If you have finished in your mind how your scene will be rendered, you can try to delete polygons that are facing away from the camera for example. There is mostly no need for polygons of an spaceship on the far other side for example.
that Said , still Terragen handles very big textures and objects very nicely.

I wish i had time to make those kind of changes for my objects in the VR contest before.
I think Oshyan is remembering me much if he had already time to look at the scenes :D

bigben

#3
Except decimating takes a LOT of RAM. I can work with about 65M polygons before I run out.  I'm going to setup an ortho camera and microexporter to create a low poly file for placement.  It takes a while to load and any transformation/setting Z-up takes ages to perform BUT default scene plus this model took 57secs to render  :o  So far RAM usage maxed at 14.5GB

Matt

Use the RTP. Very heavy objects might be difficult to draw in wireframe, but the RTP should handle them easily.

Matt
Just because milk is white doesn't mean that clouds are made of milk.

digitalguru

try a program called Meshlab:

http://www.meshlab.net/

It's free and can handle large objs easily - and has a very good mesh reduce filter

if your mesh is a micro polygon obj output from Terragen then also run the duplicate vertex filter .

bigben

Quote from: Matt on July 27, 2017, 06:40:46 PM
Use the RTP. Very heavy objects might be difficult to draw in wireframe, but the RTP should handle them easily.

Matt

OMG, that is F...reaking awesome!!!  8)

bigben

Quote from: digitalguru on July 28, 2017, 06:31:36 AM
try a program called Meshlab:

http://www.meshlab.net/

It's free and can handle large objs easily - and has a very good mesh reduce filter

if your mesh is a micro polygon obj output from Terragen then also run the duplicate vertex filter .

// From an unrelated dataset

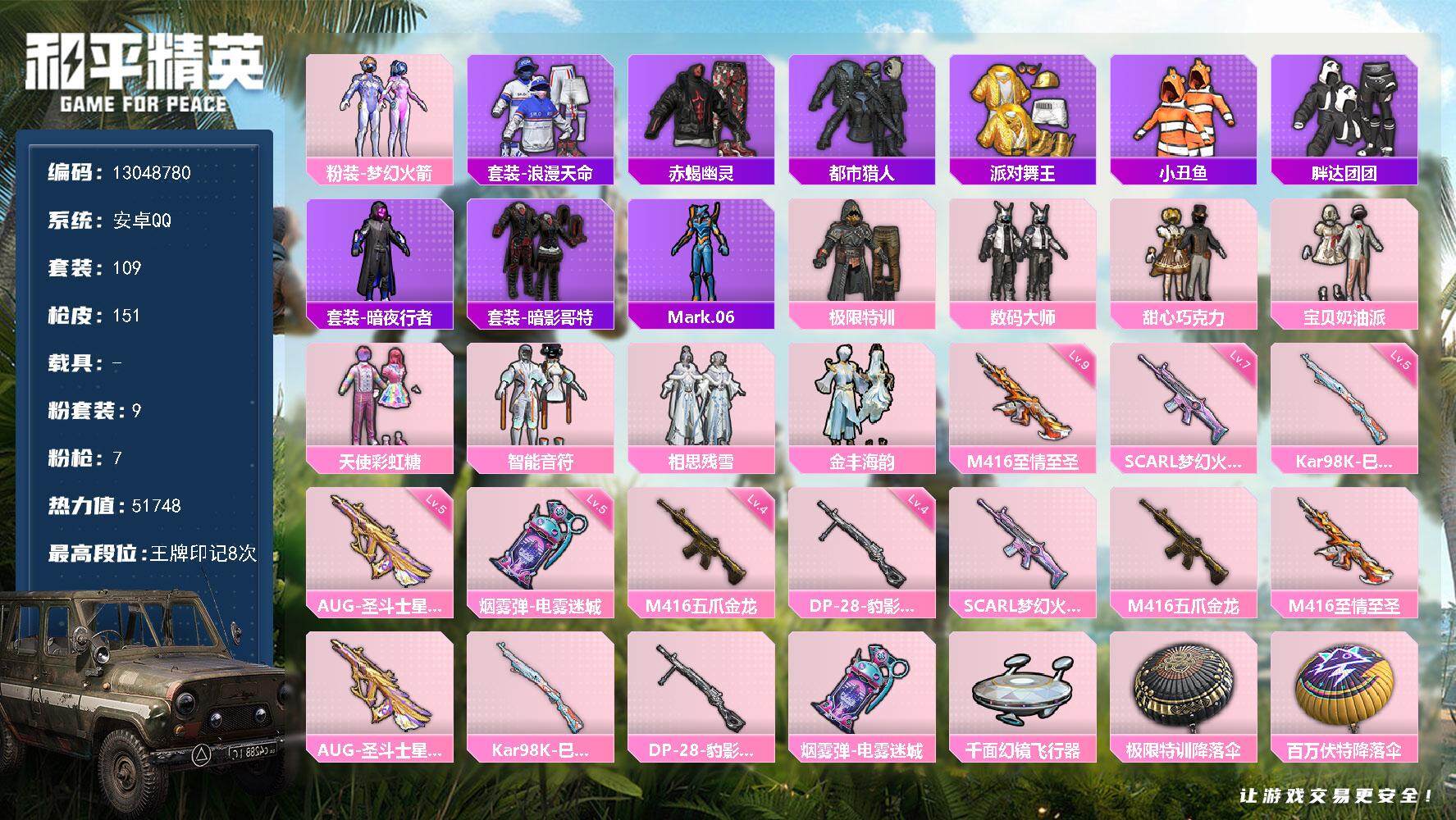 _2287984-可二次-安卓q-6稀有9粉装7特效呛10热门109套装151呛皮51748热力值8印记1卓越1传奇1绝世历史绝世王牌21星极品身法素材号梦幻火箭巧克力三姐妹都市赤蝎金鞋满级至情至圣满级斯嘎梦幻火箭蓝螳螂暗夜行者胖达身法鲨鱼裤红眼罩【6稀有】赤蝎幽灵akm-缤纷海域都市猎人浪漫天命派对舞王派对舞王(金靴子)【9粉装】梦幻火箭宝贝奶油派天使彩虹糖甜心巧克力金丰海韵智能音符数码大师极限特训相思残雪【7特效呛】scar-l-梦幻火箭7级m416-五爪金龙4级kar98k-巳巳如意5级dp-28-豹影疾电4级aug-圣斗士星矢5级m416-至情至圣9级盐雾蛋-电雾迷城5级【10热门】mark.06小丑鱼鹰眼刺客暗夜行者迅捷狂鲨胖达团团暗影哥特水银刺客漫步者弄潮海豚【1飞行器】千面幻镜飞行器【4头盔】梦幻火箭头盔甜心宝贝头盔百万伏特头盔深海小丑鱼头盔【5背包】梦幻火箭背包甜心宝贝背包百万伏特背包萌熊伴侣背包深海小丑鱼背包营地id:760971307
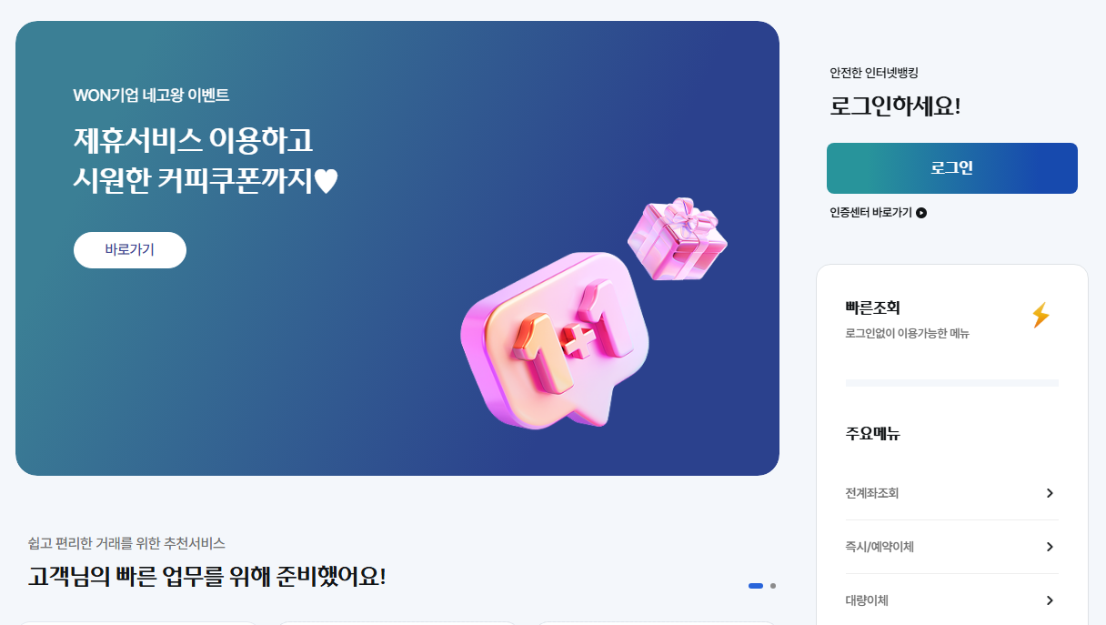 기업의 뱅킹 업무도 영업점 방문없이 편리하게 '우리WON뱅킹 기업'으로 시작하세요. 우리은행 기업인터넷뱅킹 바로가기

Meshlab isn't that great on really large models in my experience.  CloudCompare is much more robust but in the end there is no escaping that decimating requires RAM so there are practical size limits

digitalguru

#8
QuoteMeshlab isn't that great on really large models in my experience

It is compared to Maya, how much RAM do you have?

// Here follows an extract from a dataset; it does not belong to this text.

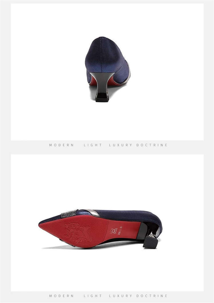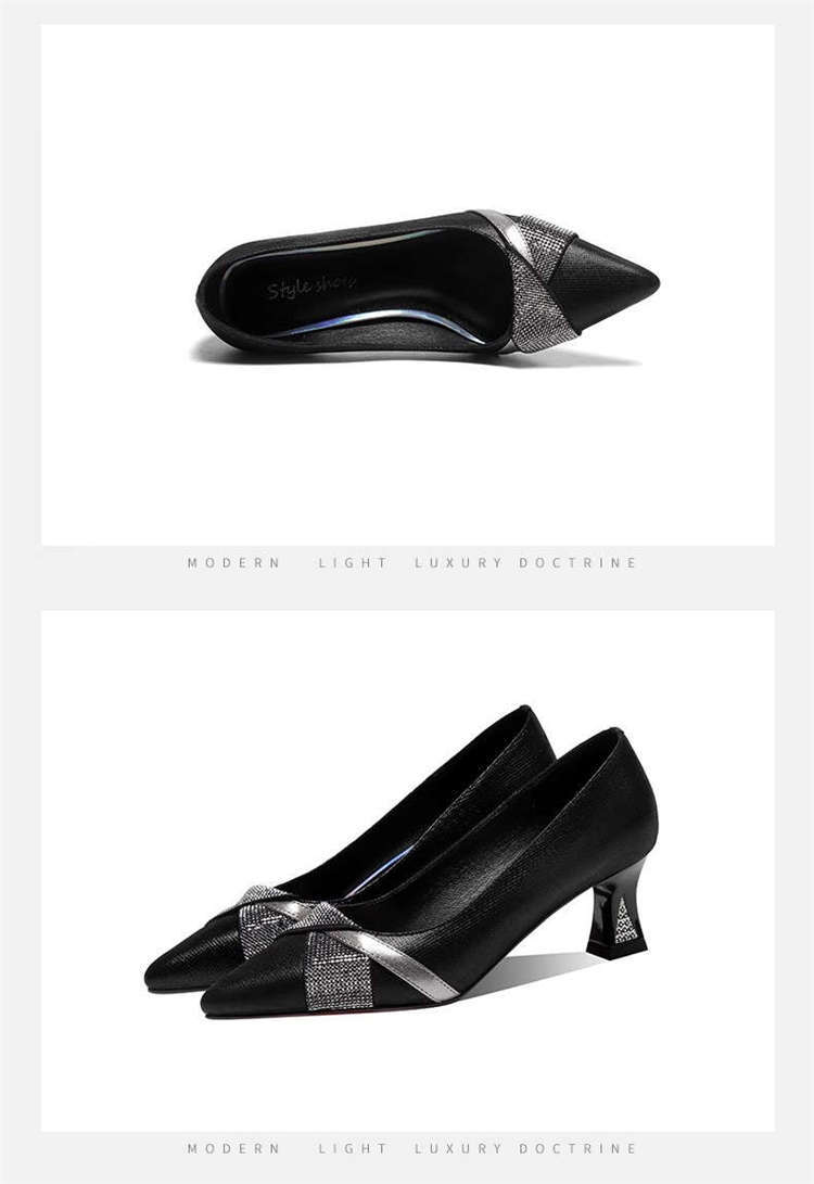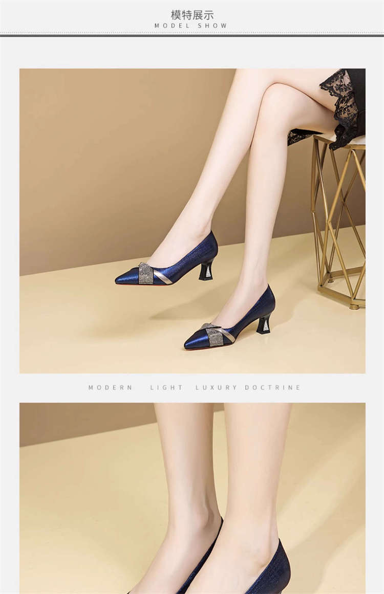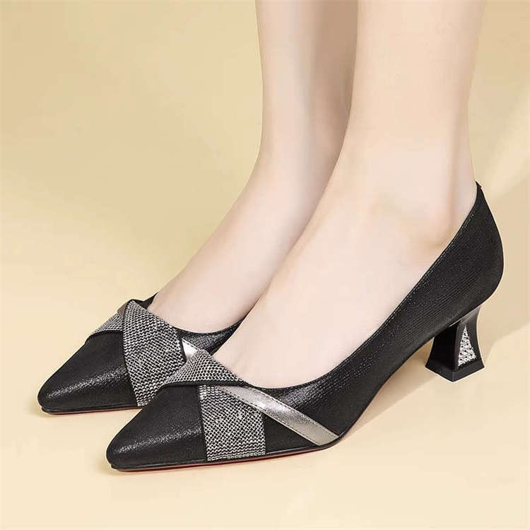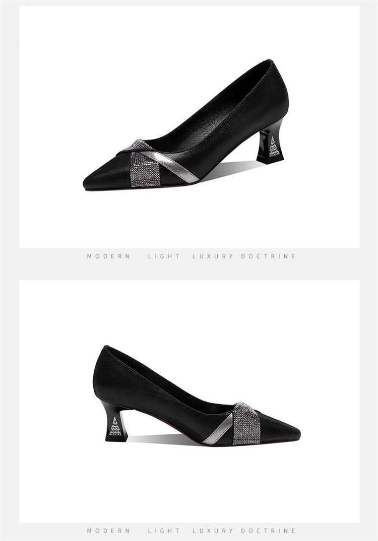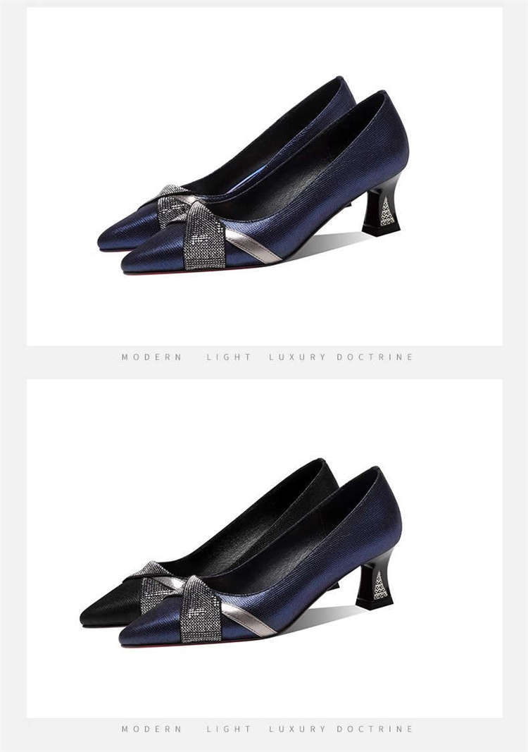 다재다능하고 우아한 미드 힐 플로팅 슈즈, 두꺼운 굽 여성화, 여성용 작업화, 2025 봄 가을 신상 뾰족한 부드러운 가죽 라인스톤 슈즈

Will have a look at CloudCompare though, looks like another example of well featured open source software.

bigben

32Gb.  Meshlab and MeshMixer don't really like more than 10M polygons... and with 32Gb RAM I can only decimate up to ~60M polygons. Reality Capture processes in chunks that automatically match your resources so it's easy to end up with huge models.

digitalguru

hi BigBen,

Just curious about your 4gb obj - is that an object you are trying to load into Terragen?